# New member - Bolt owner on FIOS and upgrading hard drive



## jasonin951 (Mar 13, 2016)

I just bought my first Tivo a Bolt 500GB. I am planning on upgrading the hard drive from 500GB to 2TB immediately after I receive it next week. I have also purchased 4 Tivo Mini systems to connect to it. This will replace my Verizon FIOS 4 boxes and DVR that I am currently paying $47 a month for. 

My first question is are there any issues I should anticipate activating the CableCARD and/or with the MoCa connection on FIOS?

My second question, are there any stumbling blocks to adding a second hard drive. I have ordered a Seagate Backup Plus Slim 2TB. I plan on removing the drive from the enclosure and swapping it with the one in the Tivo. I have read elsewhere that you can put it in and it self formats. Is this true?

Thanks in advance for any replies!


----------



## BigJimOutlaw (Mar 21, 2004)

Welcome to the club.  Be sure to upgrade the hard drive first, or else you'll need to re-pair the cable card a second time and run through setup all over again. Yes, the new drive will auto format and download the latest software.

Activating the new card using the automated website SHOULD be painless in theory, but if it doesn't want to activate @VerizonSupport on twitter is more competent at card activation/pairing than the common phone rep. Just give them the card's Serial Number, Cablecard ID, Host ID, and Data ID. (All of this is found on the cablecard activation screen.)

Assuming you're using the Fios router, and it has a coax connection connected to it, you should be good to go with moca. Super easy.


----------



## dianebrat (Jul 6, 2002)

jasonin951 said:


> My second question, are there any stumbling blocks to adding a second hard drive. I have ordered a Seagate Backup Plus Slim 2TB. I plan on removing the drive from the enclosure and swapping it with the one in the Tivo. I have read elsewhere that you can put it in and it self formats. Is this true?


That would be incorrect, however you just bought a nice portable drive for you PC.

Tivo units will only accept the WD DVR Expander that's listed as Tivo compatible, and it tops out at 1TB, the drive model and firmware are unique and only drives on the approved list will connect. Additionally the expander drive is an additional point of failure and if it dies all recordings made after it was installed are gone if you haven't backed them up.

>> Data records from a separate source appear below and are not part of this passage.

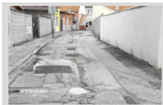
Čo máme v pláne vybudovať v roku 2025 ► str. 3
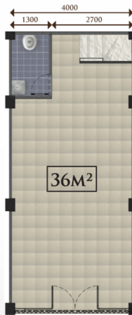
DENAH LANTAI 1
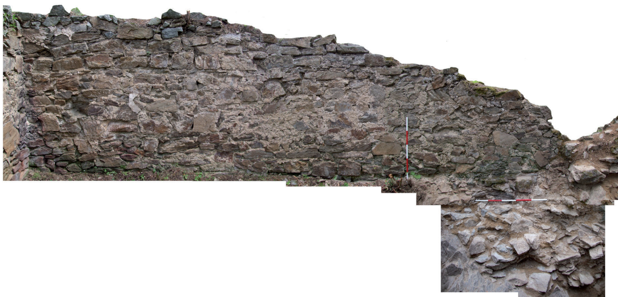
Obr. 3. Velešín hrad. Fotoplán vnitřního líce severní zdi kaple. – Abb. 3. Burg Velešín. Fotografischer Plan der inneren Oberfläche der Nordmauer der Kapelle.
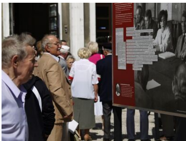
zdjęcie nr 2
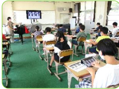
6年音楽科乗入れ授業 タブレットでピアノ練習
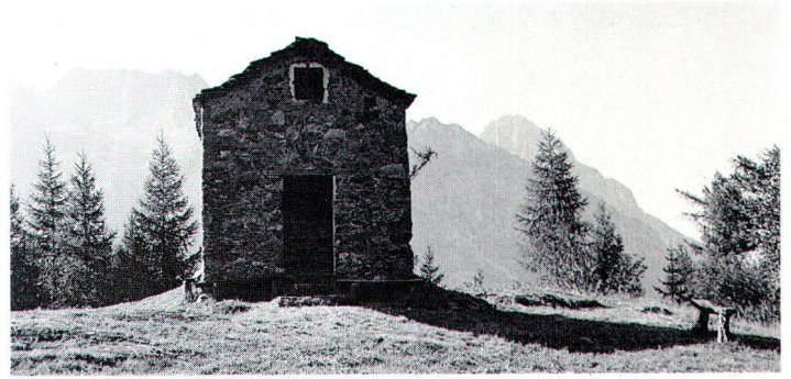
La modeste chapelle veille depuis 1761 sur un alpage dominant la vallée du Trient.

La construction de nouvelles routes d'évitement est une mesure d'aménagement qui induit diverses conséquences sur les sites contournés. Les questions d'accessibilité, de parcage et de vocation des voiries doivent dans un tel cas faire l'objet de réflexions d'ensemble. Par ailleurs, le coût écologique qui peut résulter d'emprises sur des espaces naturels doit être apprécié globalement et des compensations adéquates envisagées. L'étude des tracés et l'intégration «culturelle et paysagère» des ouvrages d'art ainsi que la nature des modifications apportées à une topographie existante sont indissociables de l'approche strictement technique. C'est pourquoi une évaluation prenant en compte les divers aspects et données considérés permet d'intégrer soigneusement le projet aux données d'un site vulnérable. Il n'en demeure pas moins que dans un tel processus, la dimension de la concertation entre les diverses parties intéressées à de tels projets demeure généralement la clef de la réussite.
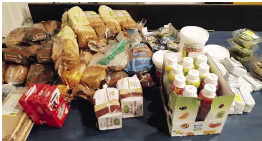
► Ételosztás minden kedd és szerda este van

gyen adom” csoportot, ahol a mai napig megy a kért és felkínált dolgok gazdakeresése.
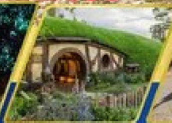
หมู่บ้านฮ็อบบิต
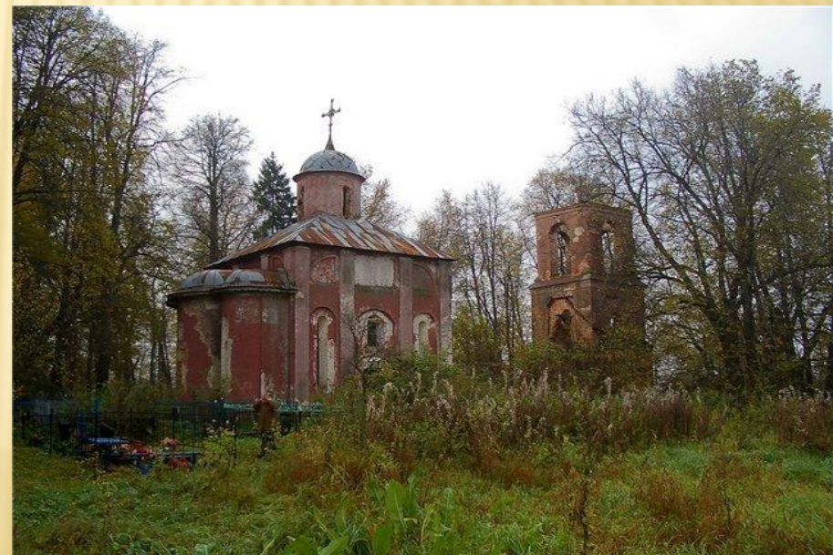
Церковь Рождества Христова в Юркино

A better approach would be to just install a 3TB in the Bolt.


----------



## shwru980r (Jun 22, 2008)

dianebrat said:


> That would be incorrect, however you just bought a nice portable drive for you PC.
> 
> Tivo units will only accept the WD DVR Expander that's listed as Tivo compatible, and it tops out at 1TB, the drive model and firmware are unique and only drives on the approved list will connect. Additionally the expander drive is an additional point of failure and if it dies all recordings made after it was installed are gone if you haven't backed them up.
> 
> A better approach would be to just install a 3TB in the Bolt.

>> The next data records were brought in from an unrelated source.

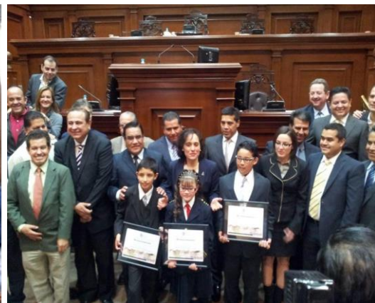
Evento de rendición de cuentas de la y los Legisladores Infantiles en el H. Congreso del estado de Aguascalientes.
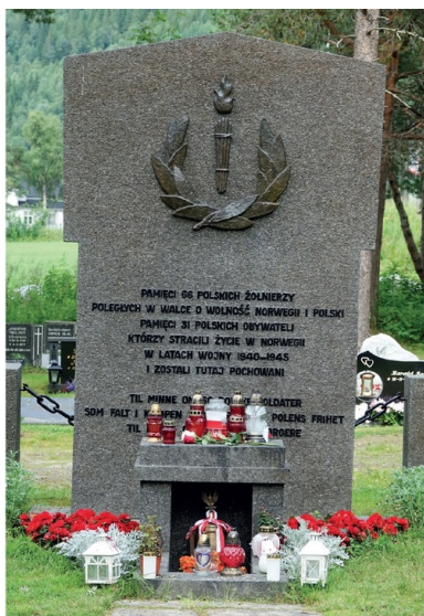
Polska kwatera wojskowa na cmentarzu w Ankenes.

Na południu i zachodzie Norwegii z konfrontacji zwycięsko wychodzili jednak Niemcy. Zgrupowanie bojowe norweskiej 4. Dywizji Piechoty, operującej samodzielnie w rejonie Bergen-Stavanger, utrzymało się do końca kwietnia. Chaotyczne, kiepsko zaplanowane i jeszcze gorzej przeprowadzone lądowania alianckie w Namsos i Åndalsnes (12–19 kwietnia) zakończyły się fatalnie. Zamiast odbić Trondheim i utworzyć stabilną bazę do dalszych działań, wysadzone oddziały zostały powstrzymane i już 2 maja zdecydowano się je ewakuować. Sukces niemiecki wynikał w dużej mierze z przewagi w powietrzu, co skutecznie paraliżowało brytyjską marynarkę.
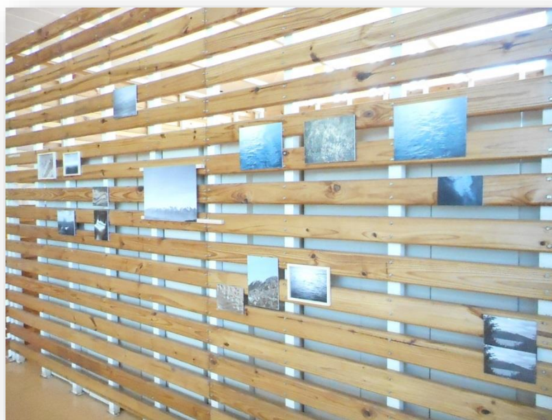
FIGURA 16: Exposição Derivas Continentais
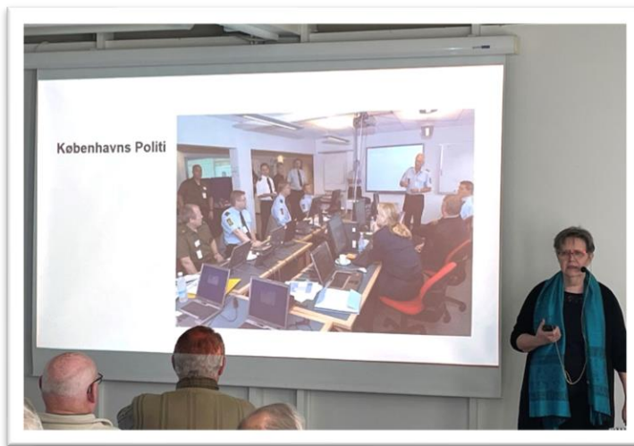
Gurli (HT) hos politiet ved omlægning af busruter ved kritiske situationer i København

I think the OP is going to remove the new drive from the enclosure and replace the internal drive in the Bolt.


----------



## dianebrat (Jul 6, 2002)

shwru980r said:


> I think the OP is going to remove the new drive from the enclosure and replace the internal drive in the Bolt.


You saw that part, I saw the "adding a second drive" part, so a bit more clarity from the OP might be helpful.


----------



## BigJimOutlaw (Mar 21, 2004)

I answered assuming he meant a swap as well, not literally a second drive. But either way, he's set now.


----------



## jasonin951 (Mar 13, 2016)

Thanks guys. Yeah I didn't mean to write second hard drive. It should have been replacement hard drive.

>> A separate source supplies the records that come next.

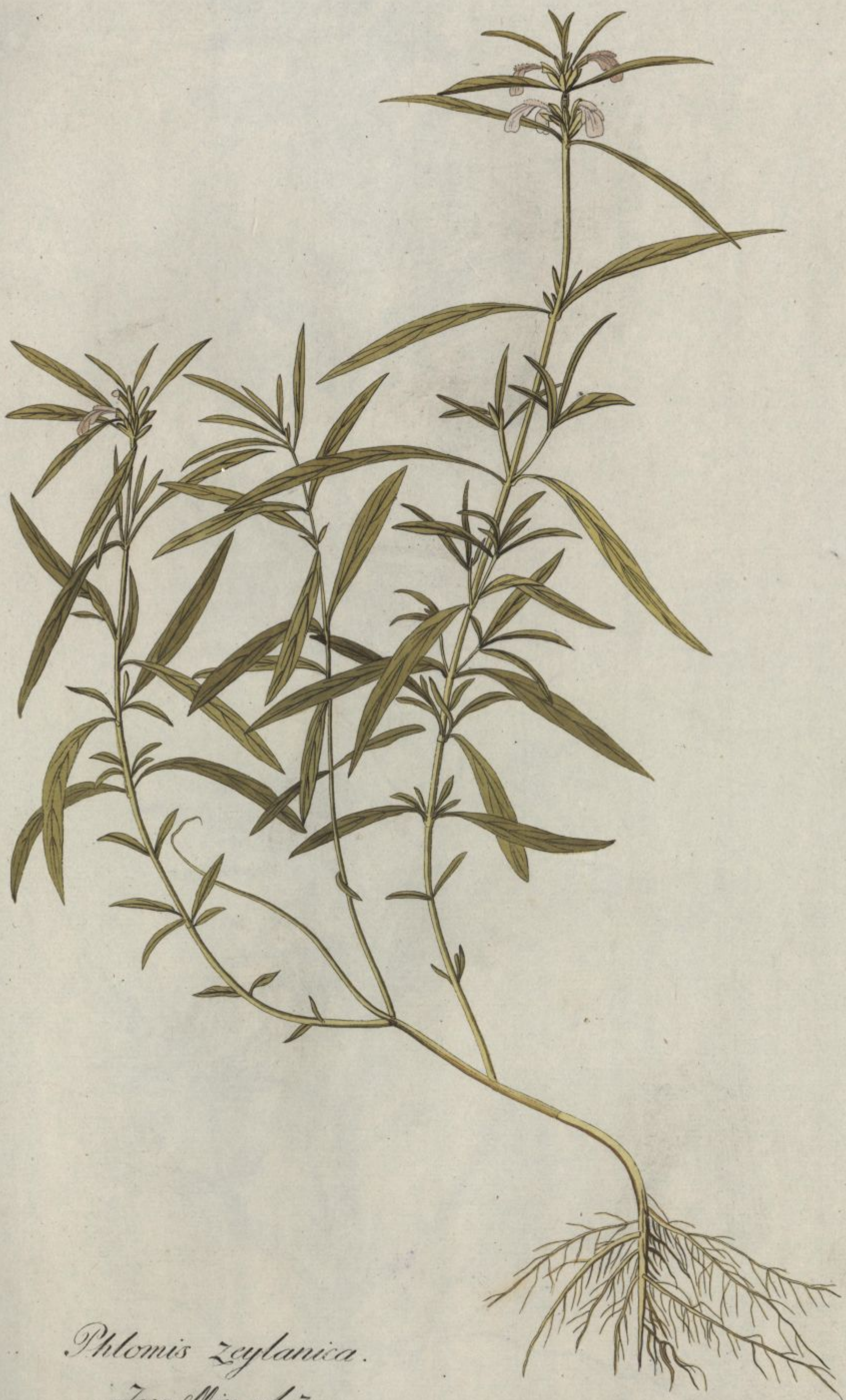
Phlomis zeylanica. Jacq. Misc. vol. 5.
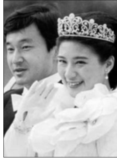
بووک و زاوا سلاو له میوانه کانیان دهکهن
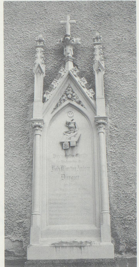
Durgiais Grabmal beim Hauptportal der Pfarrkirche.

Zunehmende Solidarität erfuhr Durgiai eigentlich erst nach der Konsekration. Und erst als der Tod den Gamsern ihren wohl bemerkenswertesten unter allen bekannten Pfarrherren entrissen hatte,
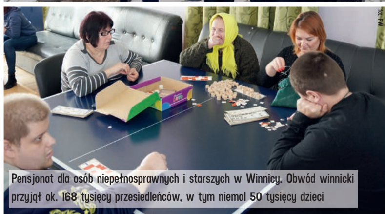
Pensjonat dla osób niepełnosprawnych i starszych w Winnicy. Obwód winnicki przyjął ok. 168 tysięcy przesiedleńców, w tym niemal 50 tysięcy dzieci
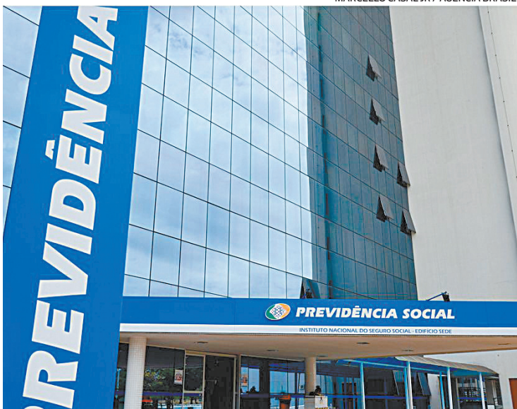
A pessoa deve usar os canais oficiais para cumprir solicitação do INSS

— sempre que o INSS convoca o cidadão para apresentar documentos, essa convo-

Sent from my iPhone using Tapatalk


----------



## mb117 (Nov 26, 2009)

jasonin951 said:


> I just bought my first Tivo a Bolt 500GB. I am planning on upgrading the hard drive from 500GB to 2TB immediately after I receive it next week. I have also purchased 4 Tivo Mini systems to connect to it. This will replace my Verizon FIOS 4 boxes and DVR that I am currently paying $47 a month for.
> 
> My first question is are there any issues I should anticipate activating the CableCARD and/or with the MoCa connection on FIOS?
> 
> ...


I'm on Fios and recently installed a Roamio Pro, a Bolt and 6 minis using Ethermet + Moca and have had very little issues. Every once in a while the Moca network is a little unreliable when changing channels on one of the minis, but it usually reconnects itself within a minute after it gets wonky.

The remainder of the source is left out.